I’m a little bit of both. I’m more of a plotter…these books have such complicated plots, I have so many characters, I have to work from a very detailed outline. But once I get into the outline I’m often surprised by what happens in the scenes and what the characters do. If I wrote without any kind of guide at all, the Marco Polo type of writing, I’d lose the beginning, the middle and the end, and to me that’s such an important principle in writing, it’s so satisfying. I think later in my career, when I’m not writing on such a deadline as I am now – I have a year to write one of these books, they’re coming out one a year…phew, it’s a lot! – if I had a little more time, I think maybe I’d drift off a bit more.
Do you have in your head a very clear idea of what your characters look like?
I do, yup. And occasionally I’ll run into them on the street.
Do you run imaginary casting sessions?
I see people at my children’s school, and the nearby High School, and I go yes! That’s what he looks like, that’s how she walks, that’s how she talks.
You’ve chosen to tell this story through a male voice, Dean, and in fact you have a number of strong male voices in this book – how difficult was it for you to think like a boy, because you do seem to be able to do that?
I think my work as an actor and an improviser really helped me here…the thing about improv is, it’s a very masculine-dominated world, so I played like a guy; that way of relating to people, that sort of testosterone-fuelled pushing that guys can do against each other comes very naturally to me. I can be competitive and I feel comfortable in that world.
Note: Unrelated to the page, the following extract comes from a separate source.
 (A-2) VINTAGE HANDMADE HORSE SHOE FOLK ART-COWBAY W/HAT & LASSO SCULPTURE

It’s hard enough for a writer to get around the UK and see a significant number of their readers, so it must be a lot more difficult in the States; have you been able to go out and do events around Monument 14?
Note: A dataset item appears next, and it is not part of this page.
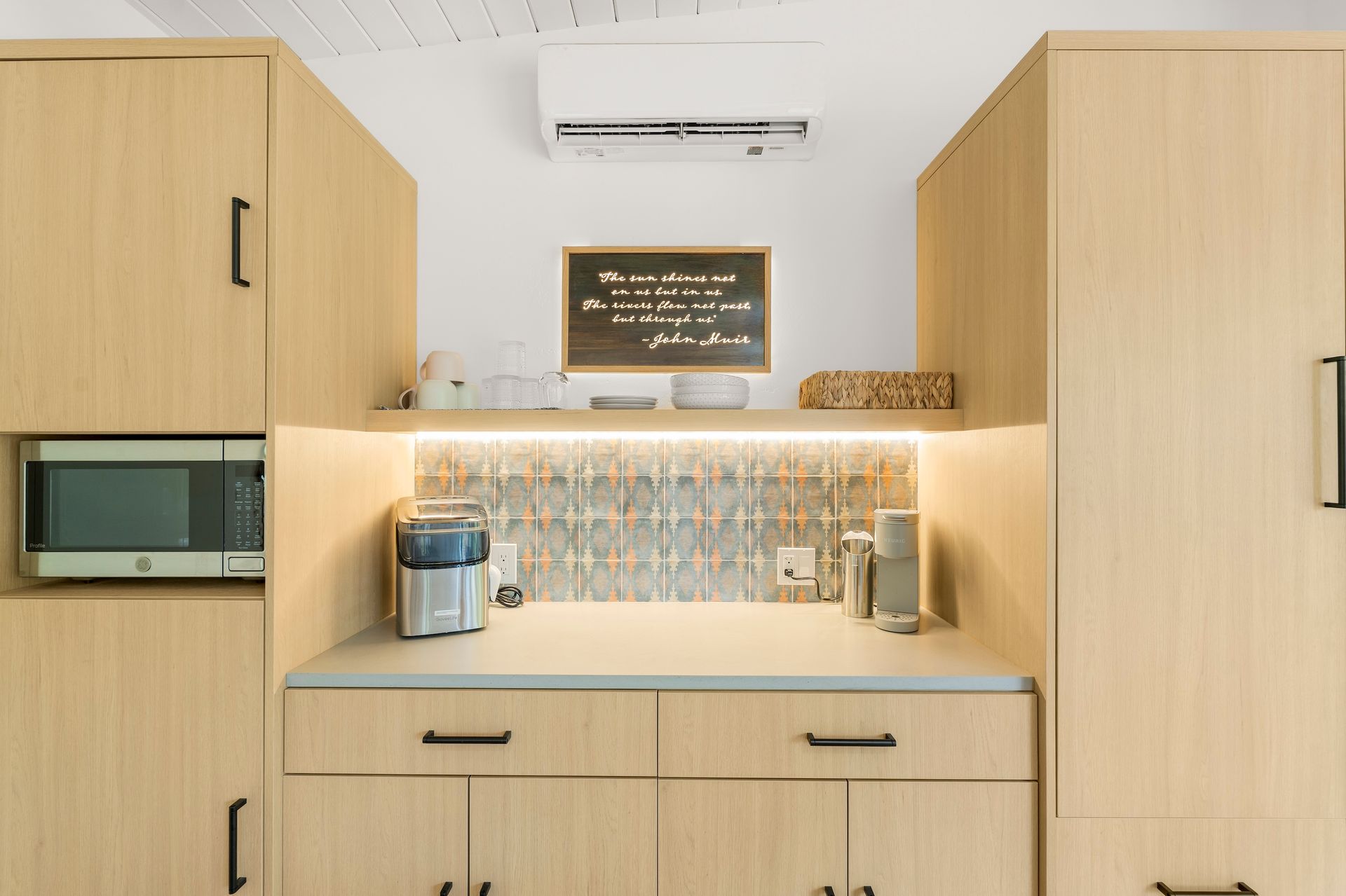 Considered “the Father” of National Parks, John Muir is honored and remembered in our gorgeous Creekside property with this beautiful and spacious luxury one bedroom cabin with living room, dining table and mini-kitchen.

I am terrifically lucky. My publisher picked me and three other debut authors to send on a national tour, so in June of last year they sent us to Los Angeles, San Francisco, Seattle, Salt Lake City, Houston…you’re getting the idea, we went all over. It was so thrilling to travel the country and talk to people about the book, and they’re sending us all out again this year.
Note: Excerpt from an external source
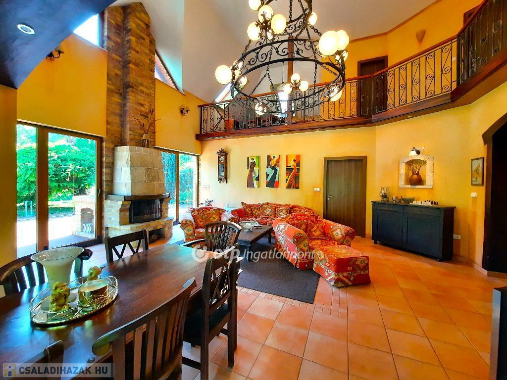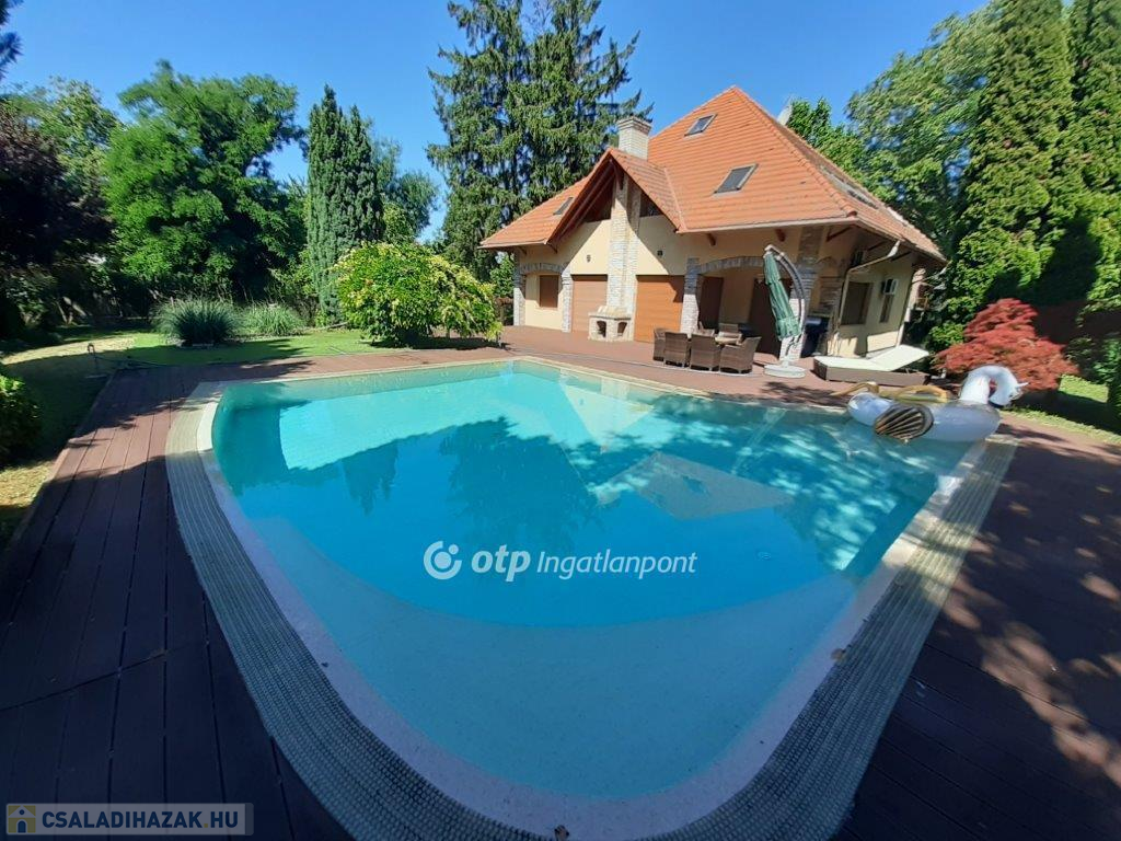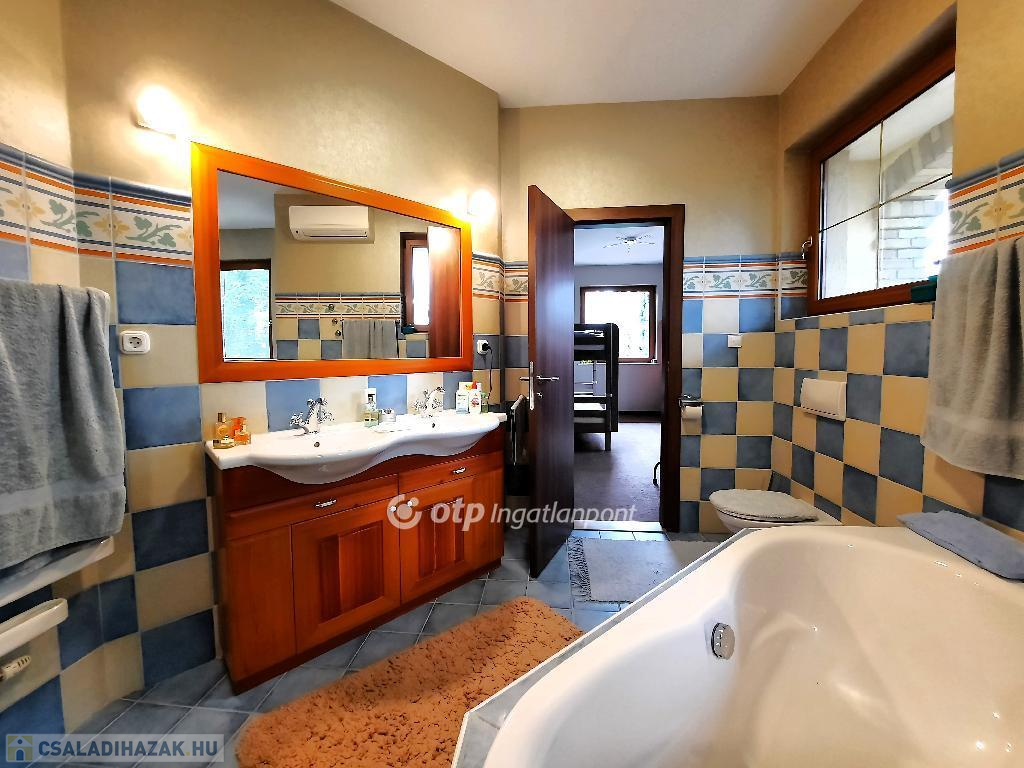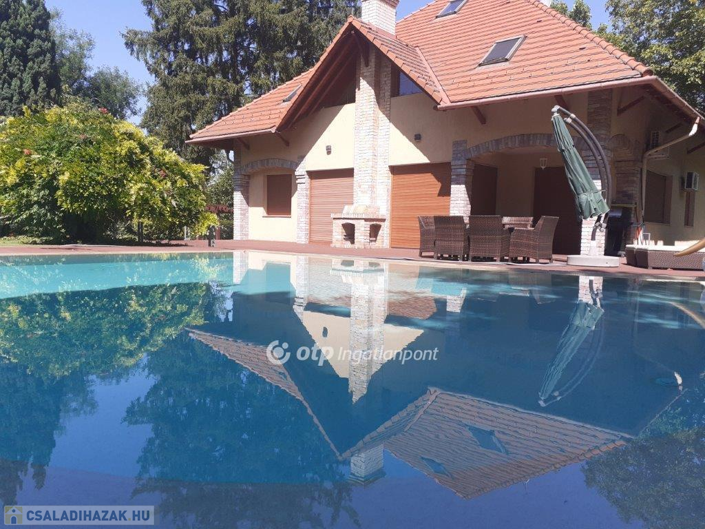 Balaton déli partján, Siófokon, 280 m2-es családi ház eladó. Az ingatlan Szabadifürdő városrész csendes utcájában helyezkedik el, Balaton-part 900 méterre, M7 autópálya csatlakozás 2400 méter távolságban van. Az átlagosnál nagyobb méretű telek területe, ami 3 ingatlan összevonásával alakult ki: 2681 m2. A parkszerű igényes kertépítészeti elemekkel körülvett lakóépület intim külső terekkel kapcsolódik a belső lakótérhez. A kertben úszómedence, kerti tó, grillezőhely, kerti lak épített elemek találhatók parkolókkal, kerti utakkal és sétányokkal. A kertfenntartáshoz fúrt kút és automata öntözőrendszer került létesítésre. A telek súlypontjában elhelyezett lakóépület belső terei kedvező benapozást biztosítanak. A három szintes épület földszintjén lakótér teraszkapcsolatokkal és hálószobák vizesblokkokkal, tetőtérben galéria és hálószoba funkciók vizesblokkal kerültek kialakításra. A pinceszinten kazánház és tároló kapott helyet. A belső terek egyedi építészeti megoldásokkal kivitelezettek, igényes felületekkel, burkolatokkal. A villaépület alkalmas állandó lakhatásra vagy nyaralás céljára is. Az ár tartalmazza a teljes berendezést. Bővebb információért keressen telefonon!

When you go out, have you devised something, using your acting skills to make a visit more of an event?
I really enjoy teaching, so It’s very easy to use my improv experience when talking about writing, using improv exercises to enrich writing. But in terms of presenting Monument 14, I haven’t come up with anything specially theatrical. Although I have written a comedy song called Monument 14 FAQ, in which I sing the most frequently asked questions and my responses, but that was more just for my own pleasure.
Sounds like great idea – you should put that up on YouTube! Now I think it’s true for a lot of writers, particularly when they’re working on a long project, that they continually have new ideas they simply have to park and put on one side until later. As you’re approaching the end of this sequence, do you know what you’re going to do next?
I do, I do. I have two stories that I’m burning to write; one of them is a one-off set on a cruise ship, and that’ll have a female narrator, and the other is a fantasy series, a post-apocalyptic agrarian world, and that’ll be a three-book series. I’m going to do the one-off about the cruise ship first.